What Researchers Did
Researchers ran a randomised trial at three hospitals in Sweden and Germany, giving patients with severe COVID-19 ARDS either HBOT (2.4 ATA, 80 minutes, up to 5 sessions) plus standard care, or standard care alone.
What They Found
The trial was stopped early because HBOT showed no benefit. ICU admission rates were actually higher in the HBOT group (72%) versus controls (50%), though this difference was not statistically significant (OR 2.54, 95% CI 0.62–10.39, p=0.19). Adverse events occurred in 94% of HBOT patients and 93% of controls; three serious adverse events were possibly related to HBOT.

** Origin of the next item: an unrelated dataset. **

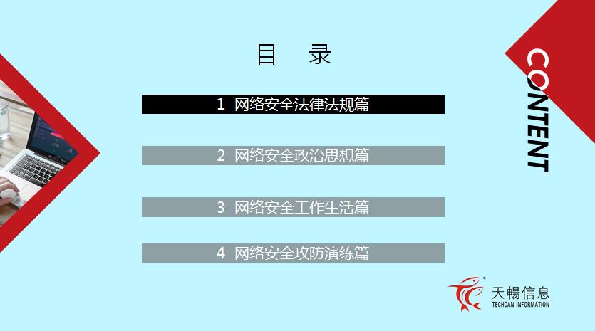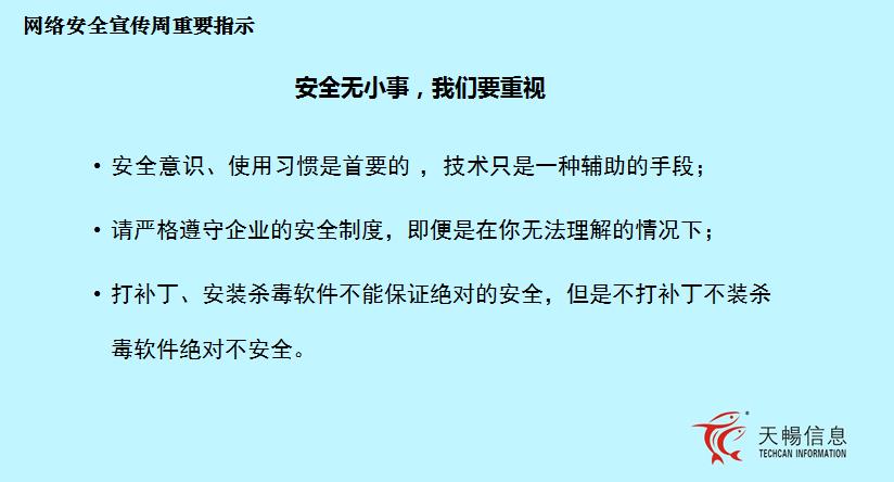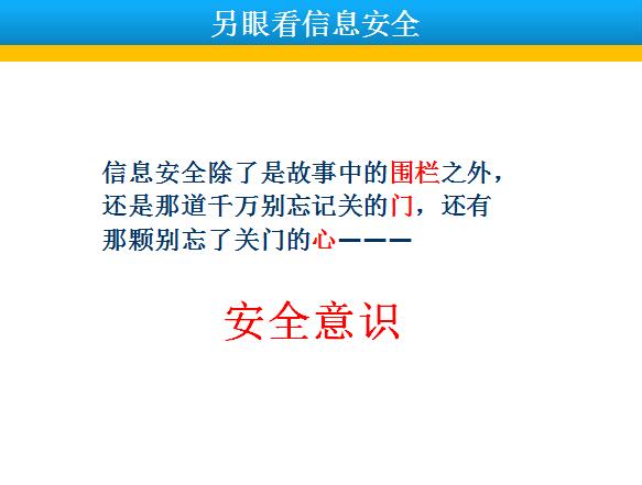 随着信息技术爆炸式的不断发展,给我们带来了生活和工作的便利,但同时也带来了相应的网络安全问题。对于网络传输的信息安全,除了要重视防黑客、反病毒、加密技术等多方面,实际上更应该关注网络安全管理问题、法律政策问题和网络安全意识培训问题。在信息高速发展的时代,任何安全故障最终都归结到了人的问题,而网络和信息安全意识的培养是至关重要的,企业的稳定发展自然离不开网络安全知识的培训。

What This Means for Canadian Patients
For Canadians who had COVID-19 and developed severe lung complications requiring ICU care, this trial suggests HBOT did not reduce ICU admission or death. Clinicians at Canadian hospitals should not expect HBOT to replace or improve on standard critical care for COVID-19 ARDS. HBOT remains a feasible and generally safe intervention, but it was not effective for this specific condition.
Canadian Relevance
No direct Canadian connection identified.
Study Limitations
The trial was stopped early with only 34 patients enrolled, far too few to detect a meaningful treatment effect or confirm safety with confidence.